▸ Collected data:
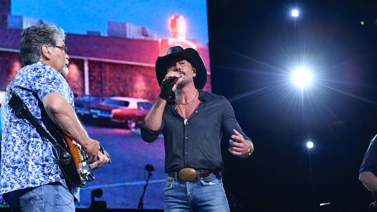 This is the best video with teh closest view of TIm McGraw losing his balance that I could find. Hope he's going to be ok. Look like he will be.
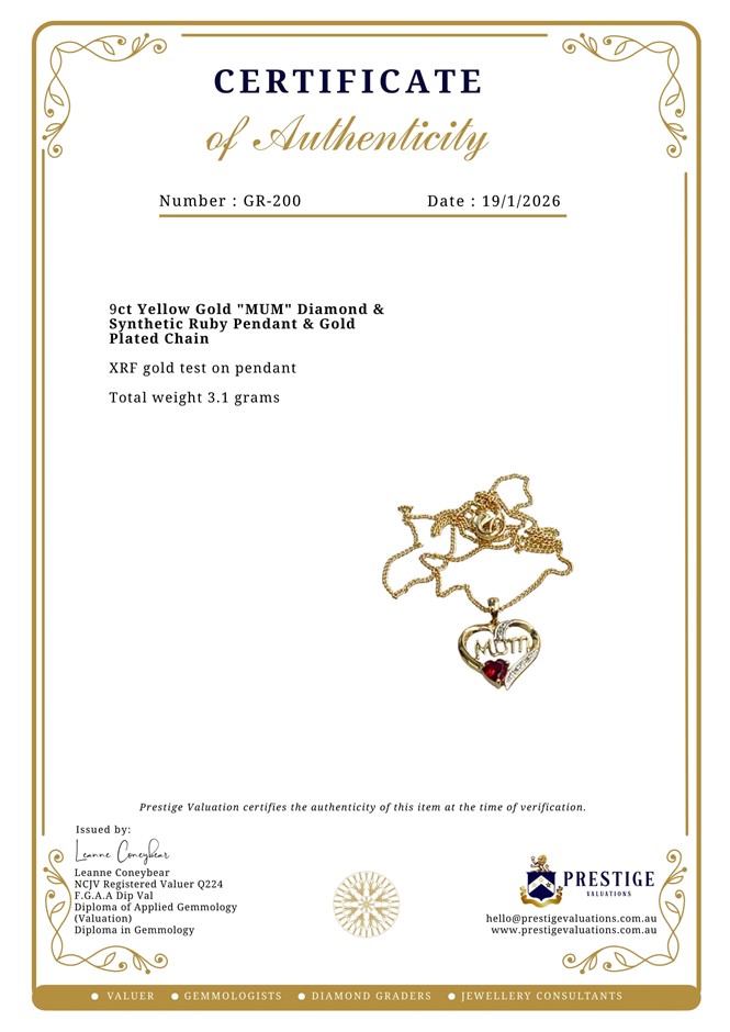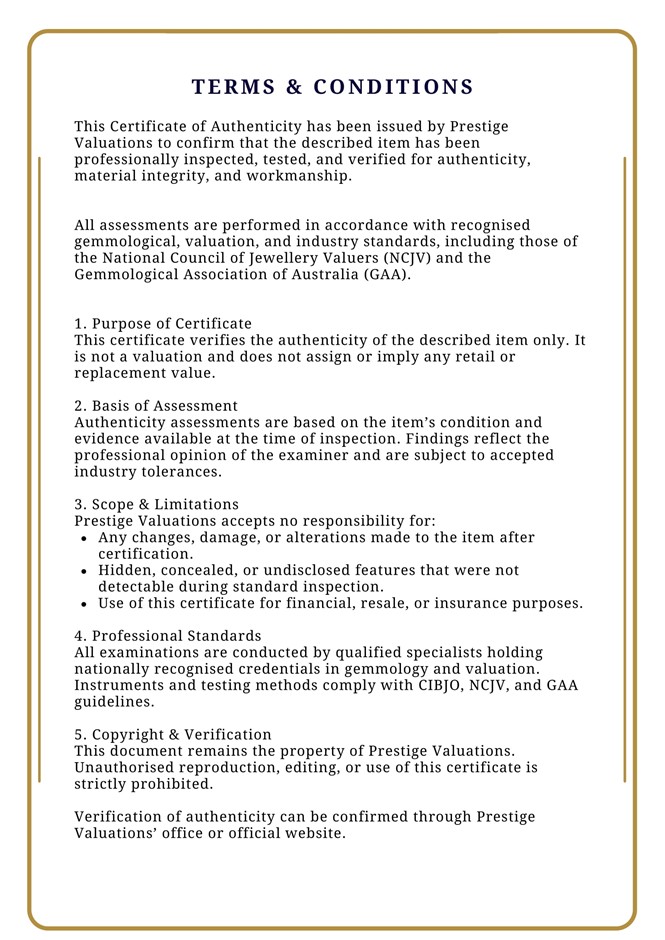 The Certificate of Authenticity means that the actual item for sale has been assessed by a fully qualified specialist jewellery valuer. The specialist jewellery valuer requires knowledge of gemmology, jewellery manufacture, precious metal markets, world gem markets, supply and demand factors both overseas and within Australia, taxation law requirements, general retail practices and the final combination of all the above factors in the principle and procedures of a jewellery valuation. They inspect and assess the jewellery item using a hand lens taking note of several key factors-
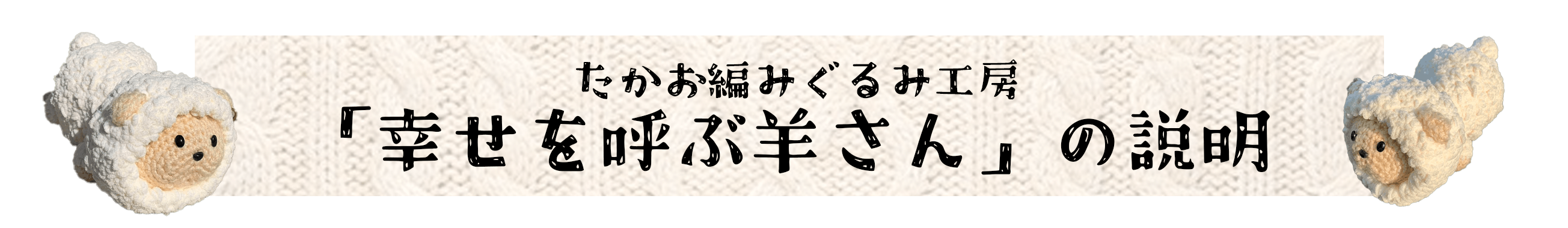 - たかお編みぐるみ工房の「幸せを呼ぶ羊さん」は編みぐるみ作家の原田隆夫がイチカラ設計、製作している完全オリジナルの編みぐるみです。たくさんの毛糸で試作を重ね、たどり着いたシェニールという毛糸をつかっているので手触りはフワフワ、ぎゅっと抱きしめたくなる質感です。・

▸ Task directions:
In your copy of the material, match every word exactly and include no pictures.

▸ Answer to the problem:
 This is the best video with teh closest view of TIm McGraw losing his balance that I could find. Hope he's going to be ok. Look like he will be.
 The Certificate of Authenticity means that the actual item for sale has been assessed by a fully qualified specialist jewellery valuer. The specialist jewellery valuer requires knowledge of gemmology, jewellery manufacture, precious metal markets, world gem markets, supply and demand factors both overseas and within Australia, taxation law requirements, general retail practices and the final combination of all the above factors in the principle and procedures of a jewellery valuation. They inspect and assess the jewellery item using a hand lens taking note of several key factors-
 - たかお編みぐるみ工房の「幸せを呼ぶ羊さん」は編みぐるみ作家の原田隆夫がイチカラ設計、製作している完全オリジナルの編みぐるみです。たくさんの毛糸で試作を重ね、たどり着いたシェニールという毛糸をつかっているので手触りはフワフワ、ぎゅっと抱きしめたくなる質感です。・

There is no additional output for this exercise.